I was bullied and demeaned by Dominic Raab


Towards the end of 2016, in a very febrile environment unleashed by the Brexit referendum, I was the lead claimant in a judicial review about Brexit. This case sought clarification from the court on whether the government could trigger Article 50 to exit the European Union without parliamentary approval.

Having not been a politician or political commentator, the media rounds that ensued were quite terrifying. I had, however, worked in financial services since 1996, so had encountered my fair share of bullies and misogynists. In 2010, I started a campaign to stop the dubious behaviours that led to the global financial crisis in 2008 and had encountered a fair amount of intellectual dishonesty.

The call came to appear on the BBC’s Today programme. I would be on with a Tory MP, Dominic Raab. I hit Google and found out that he was an arch Brexiteer and a lawyer. I thought we would have a robust but reasonable conversation about the merits of the case. How wrong I was.
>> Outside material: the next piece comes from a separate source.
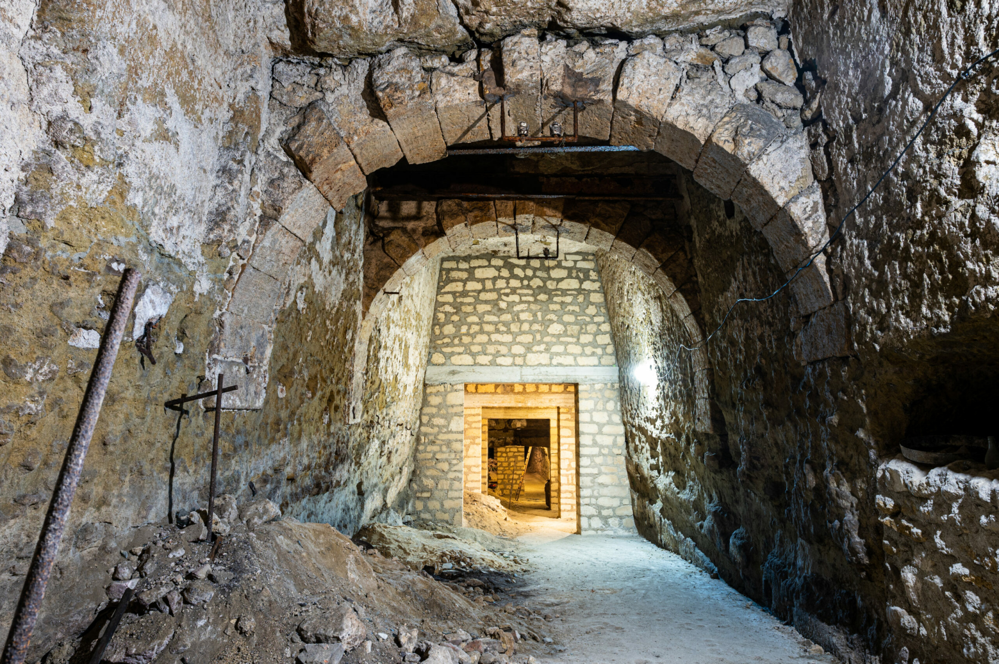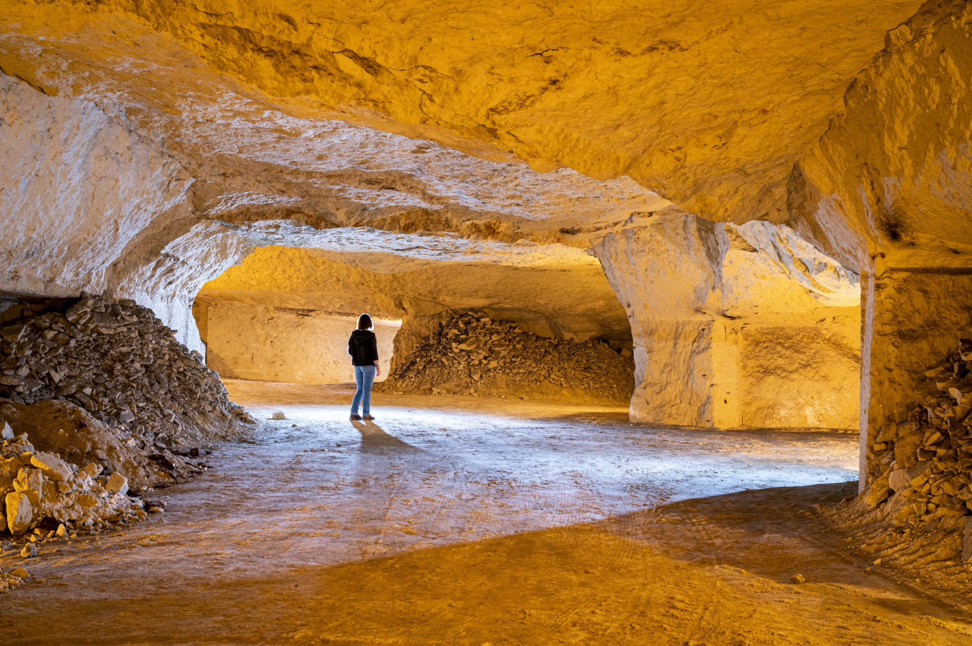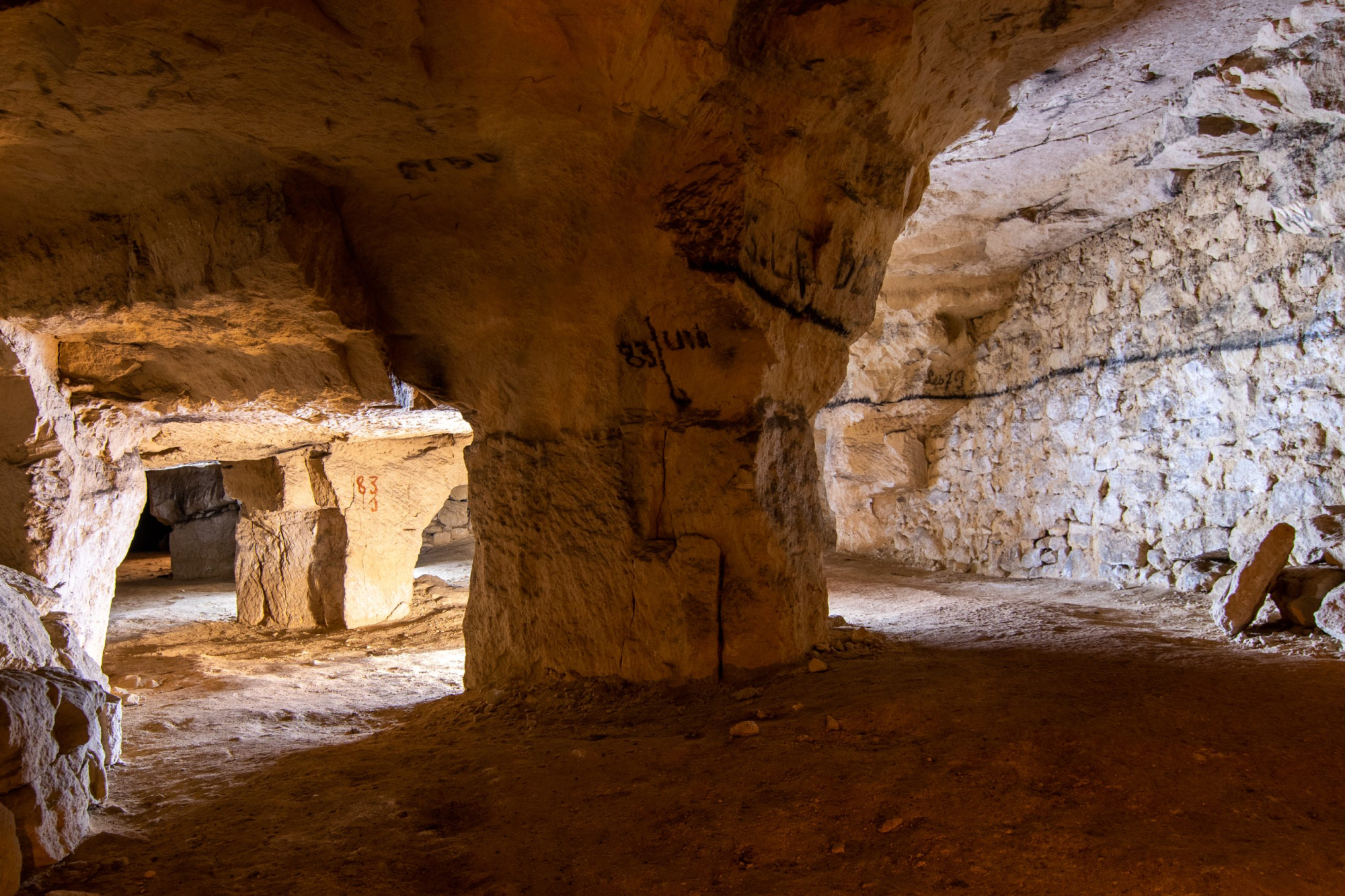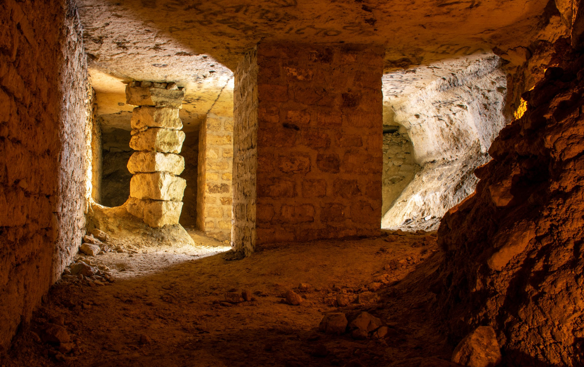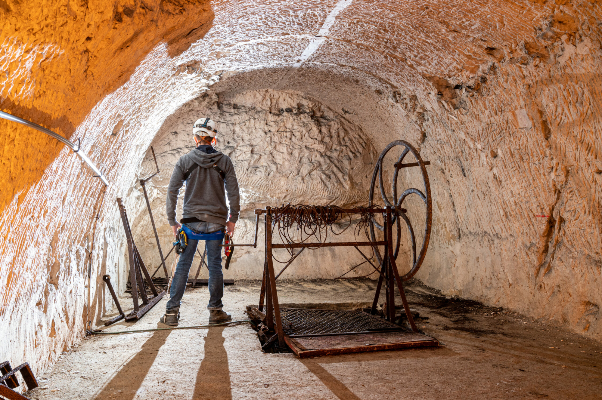 Blocs de calcaires prêts à être sortis, abandonnés suite a l'effondrement de la galerie de servitude.

We were sitting next to each other in the studio. The presenters introduced the case and turned to Raab, who launched into an abusive attack on me: I was a rich woman going against the will of the people; my challenge was a rather naked attempt to steal the referendum by the back door. My nervousness suddenly disappeared. I turned to him and said: “Mr Raab, have you read my case?”

His face was full of fury. The debate was won.

As we made our way out of the studio, the young runner showed us to the lift and said he would meet us downstairs. As the doors closed, Raab stared at me and said: “I can’t make up my mind if you’re naive, got too much money or just stupid. Just because you have deep pockets and friends in high legal places you think you can just go to court to stop the will of the people.”

I was stunned and stayed quiet.

The doors opened and the young man told me my car was just outside. Raab barked at the young man: “Where’s my car?”

The young man replied that they hadn’t been asked to arrange a car and that maybe Raab’s office had organised one instead. Raab was furious and shouted at the young man: “Go get me a f***ing car.”

The young man was shaking, I was even more shocked. I said “thank you” to the young man and suggested he went back inside and let Raab call his team. I went home and recounted the entire experience to my family.

Raab was aggressive and intimidating, and I was bullied and demeaned. This was an aggressive male expressing seemingly misogynistic behaviour. This sort of behaviour is not acceptable from anyone, especially not from a powerful, influential politician.

On 11 January 2018, I was invited to be on the BBC Question Time panel with Raab. He was housing minister at the time. The comedian Nish Kumar, Labour MP Dawn Butler, and Piers Morgan were also guests.

I didn’t have a media team, so for moral support my husband and elder brother accompanied me – not least because it was at the height of the abuse and death threats I was receiving. Nish was in make-up; Dawn and Piers had not yet arrived.

Raab entered with two of his team and made a beeline to my brother – a serious-looking, bespectacled, very short-haired doctor – and said, “I am Dominic Raab, look forward to being on the panel with you tonight” with that grin he does. I looked up from the papers I was reviewing in preparation. My brother was taken aback and said, “do you think I’m Nish Kumar? We’re not all the same, you know?”

These personal encounters with Raab lead me to believe the 24 or more claims of bullying, misogyny and aggression against him by civil servants could be true.

Whatever happens with the inquiry, Raab should have the whip removed until the investigation is completed. But it also appears that Sunak was warned of the allegations of Raab’s behaviour last summer, before he appointed him deputy prime minister and justice secretary. He should also be suspended from these jobs while the probe takes place.

The prime minister promised “integrity, professionalism and accountability at every level” in his government. Sunak must start showing courage, decisiveness and principles. Otherwise, he is no better than his predecessors and the rot in the Tory party will continue to deepen.